**The task**
With both ends included, repeat exactly the lines of the entries below from the one containing "Мероприятие прошло на" down to the one containing "Destinasi wisata pertama", and no others.

**Data for the task**
== == ==

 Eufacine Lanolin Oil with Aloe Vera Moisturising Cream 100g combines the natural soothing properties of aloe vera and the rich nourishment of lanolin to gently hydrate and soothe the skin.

== == ==

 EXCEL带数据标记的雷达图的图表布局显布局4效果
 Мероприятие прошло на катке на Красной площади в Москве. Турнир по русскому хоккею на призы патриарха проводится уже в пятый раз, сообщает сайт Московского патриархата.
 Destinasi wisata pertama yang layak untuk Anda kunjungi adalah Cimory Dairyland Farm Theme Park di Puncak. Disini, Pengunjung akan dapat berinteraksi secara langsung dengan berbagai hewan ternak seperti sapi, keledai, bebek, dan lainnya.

== == ==

**Task response**
 Мероприятие прошло на катке на Красной площади в Москве. Турнир по русскому хоккею на призы патриарха проводится уже в пятый раз, сообщает сайт Московского патриархата.
 Destinasi wisata pertama yang layak untuk Anda kunjungi adalah Cimory Dairyland Farm Theme Park di Puncak. Disini, Pengunjung akan dapat berinteraksi secara langsung dengan berbagai hewan ternak seperti sapi, keledai, bebek, dan lainnya.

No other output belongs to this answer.